Data to process —

====

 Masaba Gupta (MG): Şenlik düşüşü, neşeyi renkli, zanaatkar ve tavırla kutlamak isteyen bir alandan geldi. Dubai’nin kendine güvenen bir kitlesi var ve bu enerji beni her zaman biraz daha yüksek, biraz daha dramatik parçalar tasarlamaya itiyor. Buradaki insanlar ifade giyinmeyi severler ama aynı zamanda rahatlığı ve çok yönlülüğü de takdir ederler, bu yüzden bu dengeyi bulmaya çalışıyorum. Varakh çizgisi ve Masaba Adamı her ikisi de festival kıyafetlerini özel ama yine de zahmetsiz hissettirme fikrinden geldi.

====

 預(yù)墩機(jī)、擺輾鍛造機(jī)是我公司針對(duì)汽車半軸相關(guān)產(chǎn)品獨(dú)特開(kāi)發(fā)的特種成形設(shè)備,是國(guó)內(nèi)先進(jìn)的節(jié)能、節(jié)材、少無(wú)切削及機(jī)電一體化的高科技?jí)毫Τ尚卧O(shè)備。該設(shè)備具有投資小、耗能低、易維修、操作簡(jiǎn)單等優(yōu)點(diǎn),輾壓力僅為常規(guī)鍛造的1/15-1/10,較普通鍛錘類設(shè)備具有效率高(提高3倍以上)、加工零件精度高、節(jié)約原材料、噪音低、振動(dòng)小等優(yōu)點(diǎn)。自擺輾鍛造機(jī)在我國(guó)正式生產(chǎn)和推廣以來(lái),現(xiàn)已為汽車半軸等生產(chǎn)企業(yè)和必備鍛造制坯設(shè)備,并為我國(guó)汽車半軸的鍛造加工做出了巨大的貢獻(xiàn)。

====

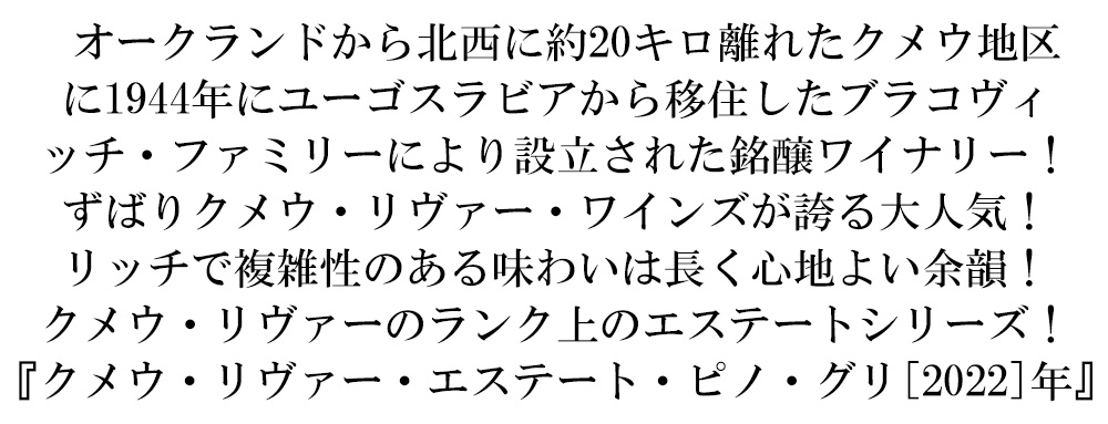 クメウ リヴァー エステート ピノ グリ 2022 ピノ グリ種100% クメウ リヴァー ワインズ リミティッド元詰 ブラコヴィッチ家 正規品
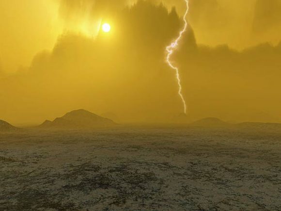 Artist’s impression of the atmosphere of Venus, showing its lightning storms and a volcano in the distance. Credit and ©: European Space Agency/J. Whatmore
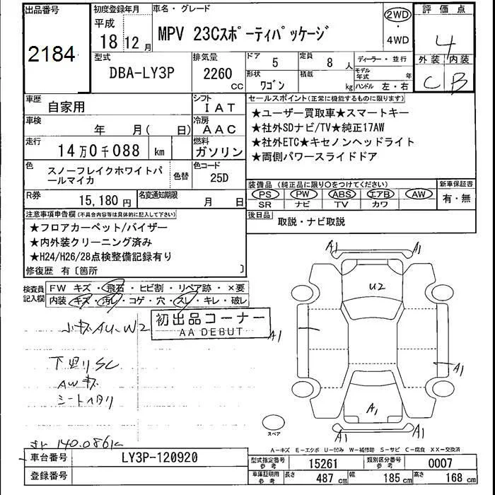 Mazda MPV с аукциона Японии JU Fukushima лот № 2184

====

What is required — Precisely those lines above that run from the line with "Artist’s impression of" up to and including the line with "Mazda MPV с" are to be set down, with the pictures omitted.

Your response —
 Artist’s impression of the atmosphere of Venus, showing its lightning storms and a volcano in the distance. Credit and ©: European Space Agency/J. Whatmore
 Mazda MPV с аукциона Японии JU Fukushima лот № 2184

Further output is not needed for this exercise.